After his death in 1898 Bismarck's already enormous popularity increased further and, with that, the number of monument projects. The year 1898 also represented a turning point in their design. On many examples the figure of Bismarck was shown in a medieval-looking armour instead of the usual contemporary costume. The design language of the monuments was often more archaic and considerably more architectural monuments were built.

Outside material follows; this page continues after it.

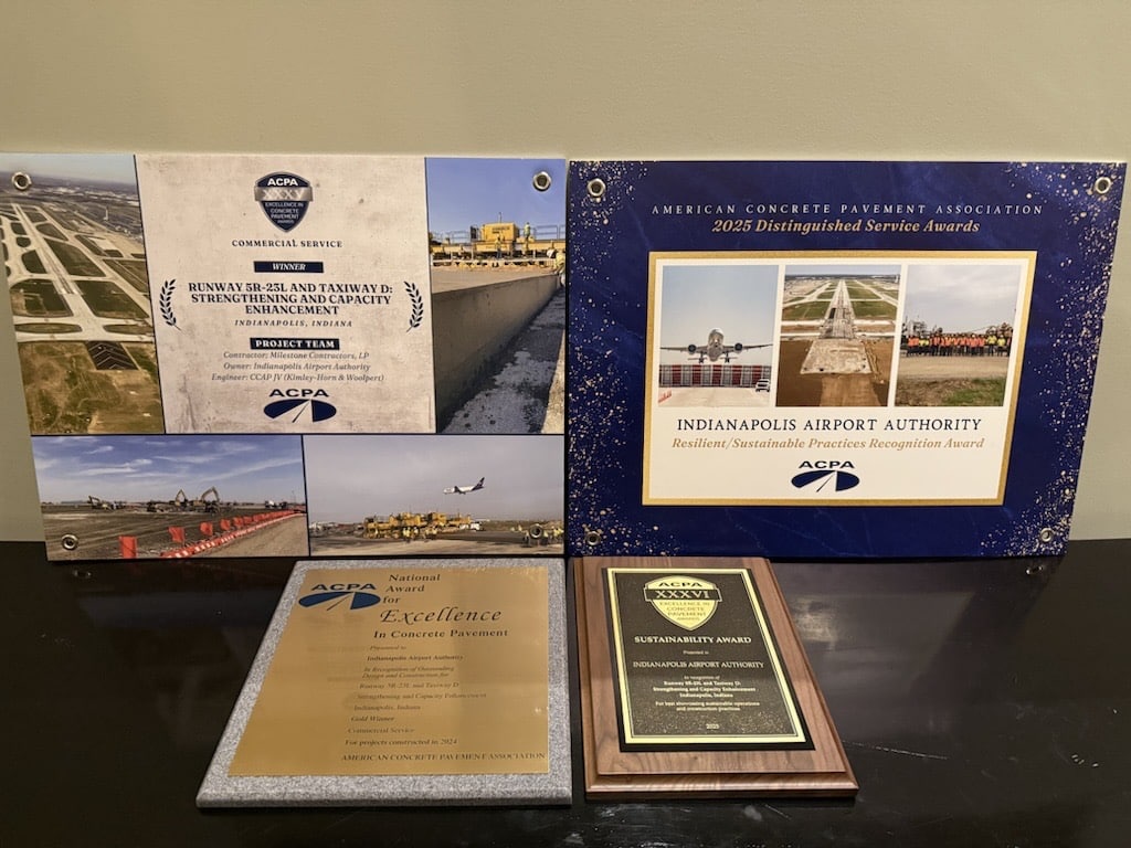 As part of their 2025 Excellence in Concrete Pavement Awards series, the American Concrete Pavement Association (ACPA) highlighted the Indianapolis International Airport’s Runway 5R-23L and Taxiway D Strengthening and Capacity Enhancement project. Winning a Gold Award in the Commercial Service category, Best in Show for Sustainability, and the Resilient/Sustainable Practices Recognition Award, this project was a $250+ million redesign of the airport’s 10,000-foot-long southern primary runway and parallel taxiway system that set a precedent for airfield transformations.

In 1899 (i.e. one year after Bismarck's death), Wilhelm Kreis created a fundamental tower design, known as Götterdämmerung ("Twilight of the Gods") for a competition by the German Student Union in the shape of a massive pillar of fire. This won the award by the competition's initiators and was built 47 times until 1911, thus becoming a standard form. In many places, however, there are variations of this design. The feature of these solid structures was the idea from the Student's Union that, on the top of all Bismarck columns, braziers would be built so that, on certain days, they could be lit in honour of former Chancellor, forming a network of beacons across Germany. Firing facilities were installed on 167 Bismarck towers. Because a common day of lighting the towers could not be agreed (Bismarck's birthday was on 1 April during the holidays), this idea did not take off. The Bismarck columns were mostly financed by donations (mainly from the middle class). As a building material, rock from the local area was used (for example, granite or sandstone). A total of 240 Bismarck towers were built as observation towers and beacons.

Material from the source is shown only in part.